The problem. Return, exactly and with nothing added, the line with "2月15日,成都公交蓉火火茶" together with all lines after it through the end of the data below. No pictures belong in the copy.

=== Data provided ===

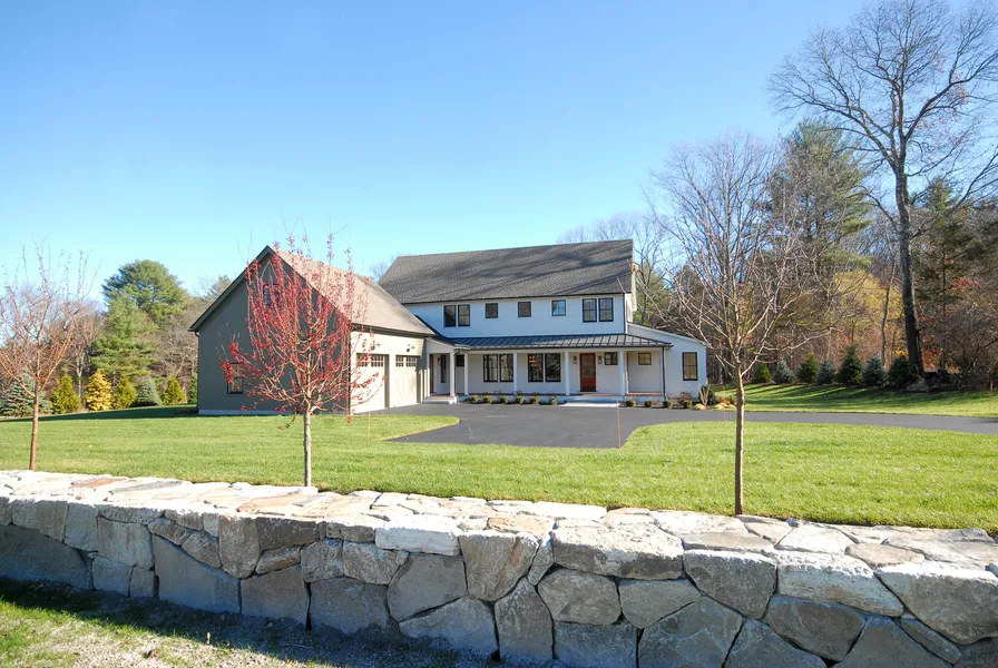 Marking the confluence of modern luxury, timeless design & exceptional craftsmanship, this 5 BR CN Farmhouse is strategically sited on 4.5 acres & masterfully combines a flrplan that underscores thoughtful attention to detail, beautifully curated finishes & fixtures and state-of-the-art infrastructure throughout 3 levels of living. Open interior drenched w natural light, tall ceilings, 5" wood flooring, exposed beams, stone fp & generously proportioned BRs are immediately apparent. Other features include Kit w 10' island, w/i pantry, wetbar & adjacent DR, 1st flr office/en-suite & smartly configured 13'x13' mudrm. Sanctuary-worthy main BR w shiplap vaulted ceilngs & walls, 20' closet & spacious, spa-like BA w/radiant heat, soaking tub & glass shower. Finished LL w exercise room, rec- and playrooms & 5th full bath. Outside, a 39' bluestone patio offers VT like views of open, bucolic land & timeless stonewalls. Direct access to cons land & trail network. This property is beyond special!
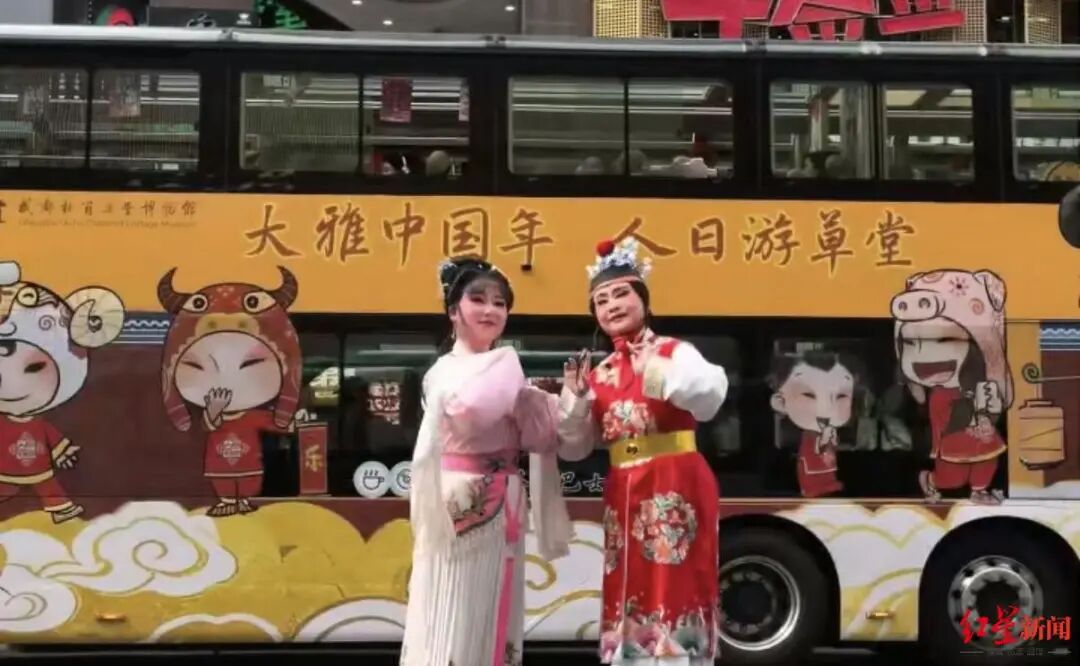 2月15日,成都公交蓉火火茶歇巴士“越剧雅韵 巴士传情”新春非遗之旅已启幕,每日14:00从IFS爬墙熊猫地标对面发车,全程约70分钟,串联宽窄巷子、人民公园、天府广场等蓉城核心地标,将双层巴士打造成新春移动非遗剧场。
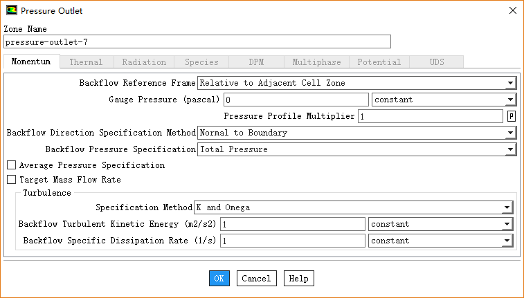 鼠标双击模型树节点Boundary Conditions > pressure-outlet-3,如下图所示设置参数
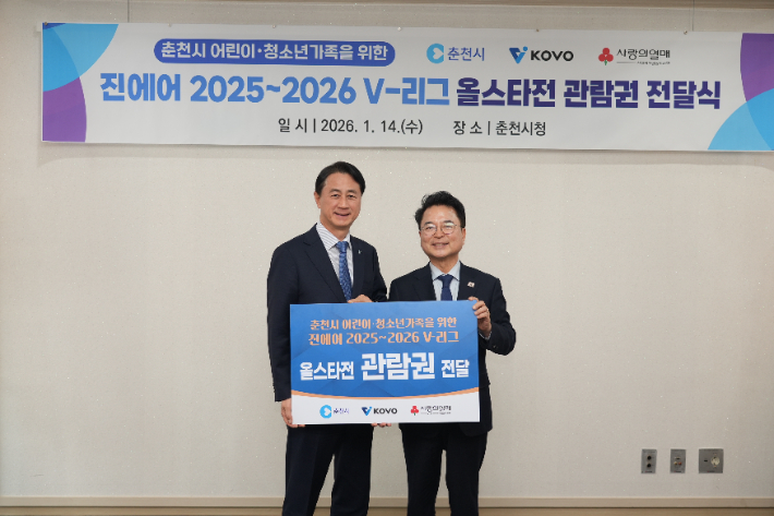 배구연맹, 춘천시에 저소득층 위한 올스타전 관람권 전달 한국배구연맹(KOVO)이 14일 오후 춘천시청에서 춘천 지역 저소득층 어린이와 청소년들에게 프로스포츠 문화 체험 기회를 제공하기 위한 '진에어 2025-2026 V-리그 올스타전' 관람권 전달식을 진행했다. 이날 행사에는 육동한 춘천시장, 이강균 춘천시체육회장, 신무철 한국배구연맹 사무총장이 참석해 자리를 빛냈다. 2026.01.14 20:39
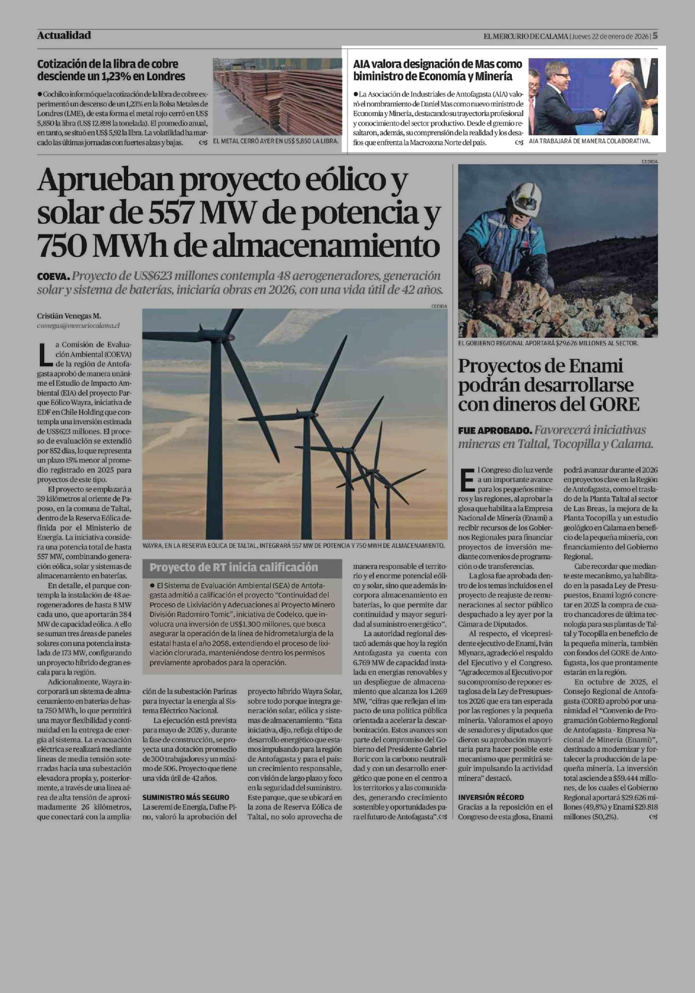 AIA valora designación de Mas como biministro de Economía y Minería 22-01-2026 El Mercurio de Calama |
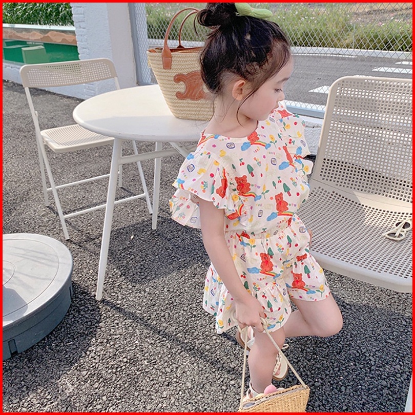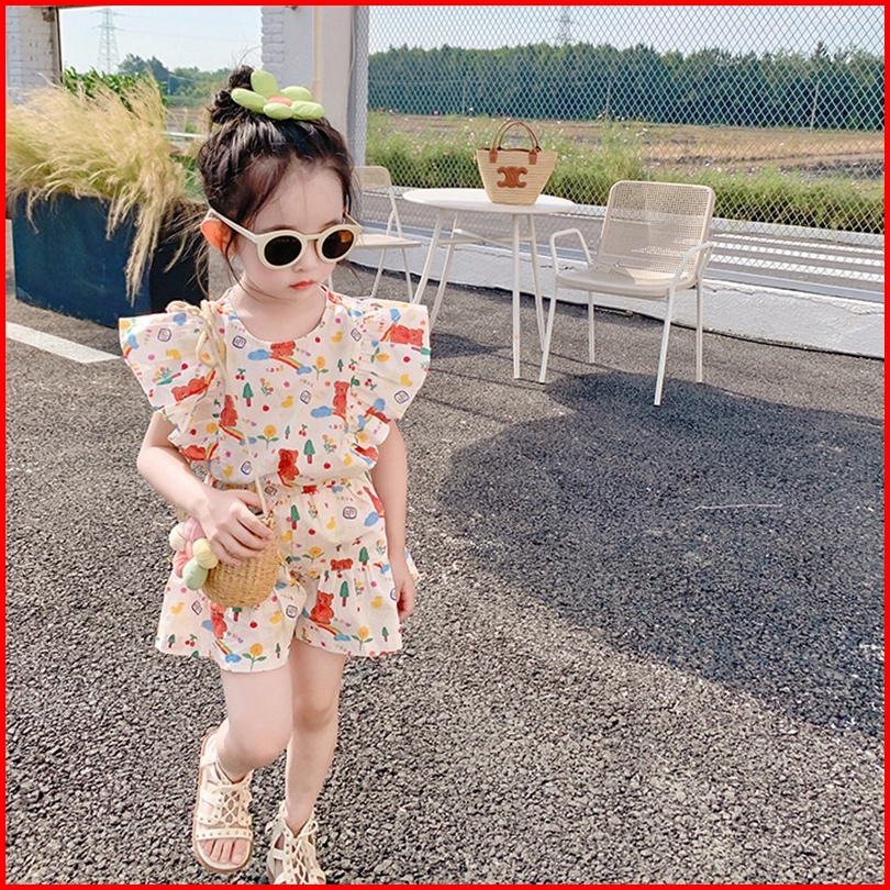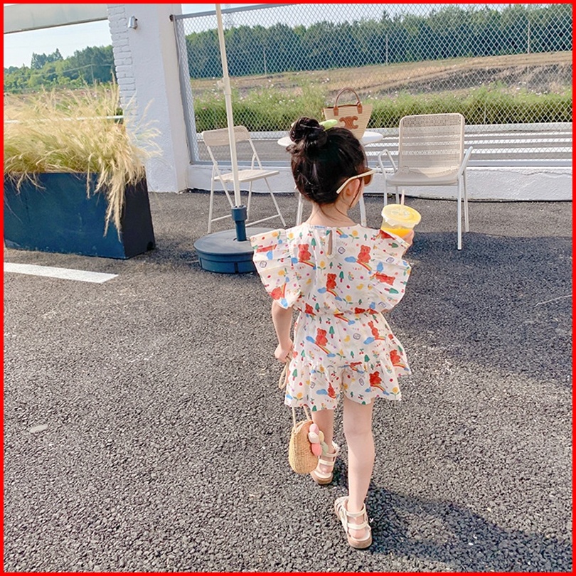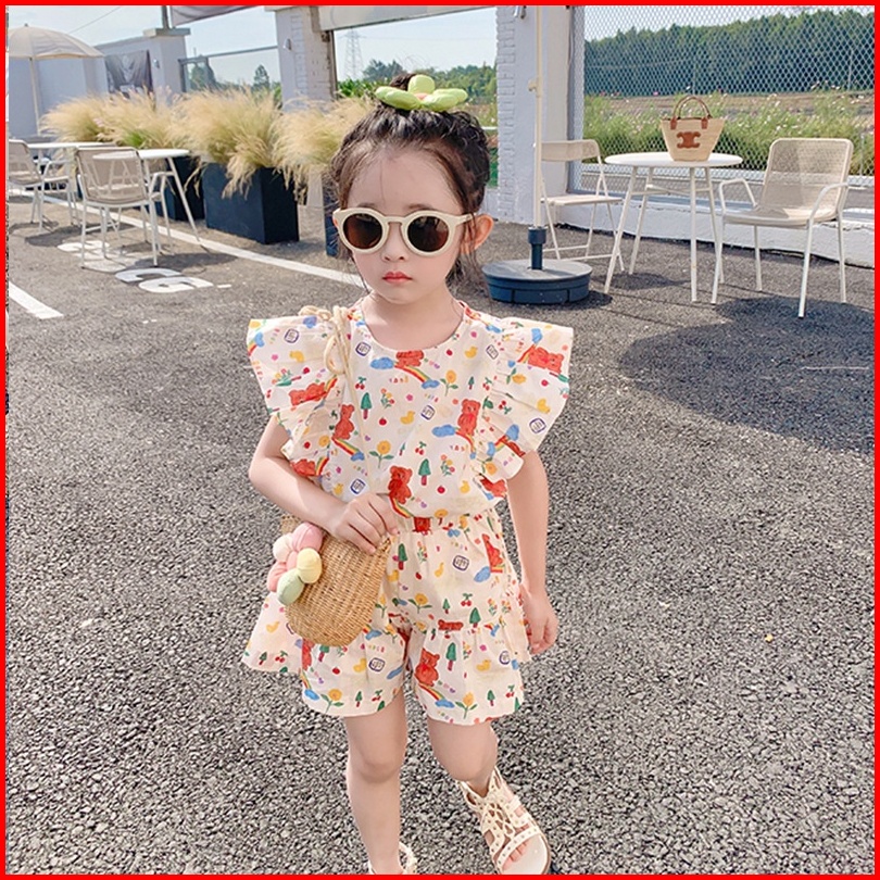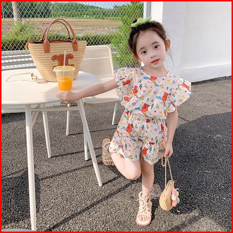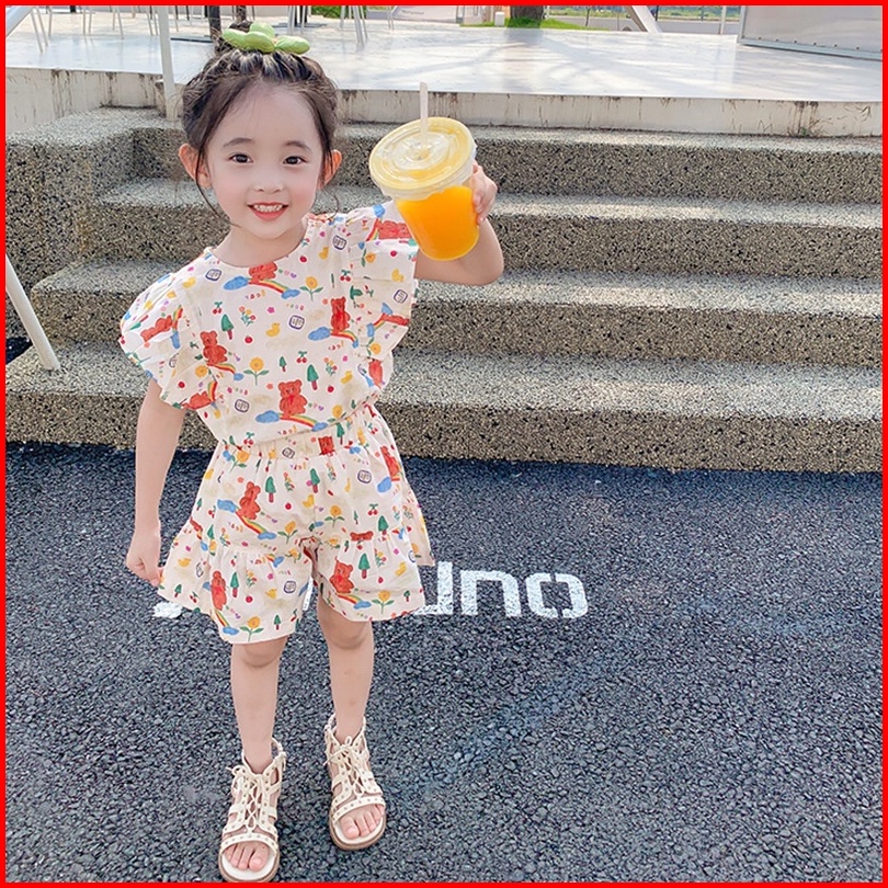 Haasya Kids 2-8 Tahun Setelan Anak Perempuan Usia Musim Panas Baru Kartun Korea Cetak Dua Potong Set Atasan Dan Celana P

===

Response.
 2月15日,成都公交蓉火火茶歇巴士“越剧雅韵 巴士传情”新春非遗之旅已启幕,每日14:00从IFS爬墙熊猫地标对面发车,全程约70分钟,串联宽窄巷子、人民公园、天府广场等蓉城核心地标,将双层巴士打造成新春移动非遗剧场。
 鼠标双击模型树节点Boundary Conditions > pressure-outlet-3,如下图所示设置参数
 배구연맹, 춘천시에 저소득층 위한 올스타전 관람권 전달 한국배구연맹(KOVO)이 14일 오후 춘천시청에서 춘천 지역 저소득층 어린이와 청소년들에게 프로스포츠 문화 체험 기회를 제공하기 위한 '진에어 2025-2026 V-리그 올스타전' 관람권 전달식을 진행했다. 이날 행사에는 육동한 춘천시장, 이강균 춘천시체육회장, 신무철 한국배구연맹 사무총장이 참석해 자리를 빛냈다. 2026.01.14 20:39
 AIA valora designación de Mas como biministro de Economía y Minería 22-01-2026 El Mercurio de Calama |
 Haasya Kids 2-8 Tahun Setelan Anak Perempuan Usia Musim Panas Baru Kartun Korea Cetak Dua Potong Set Atasan Dan Celana P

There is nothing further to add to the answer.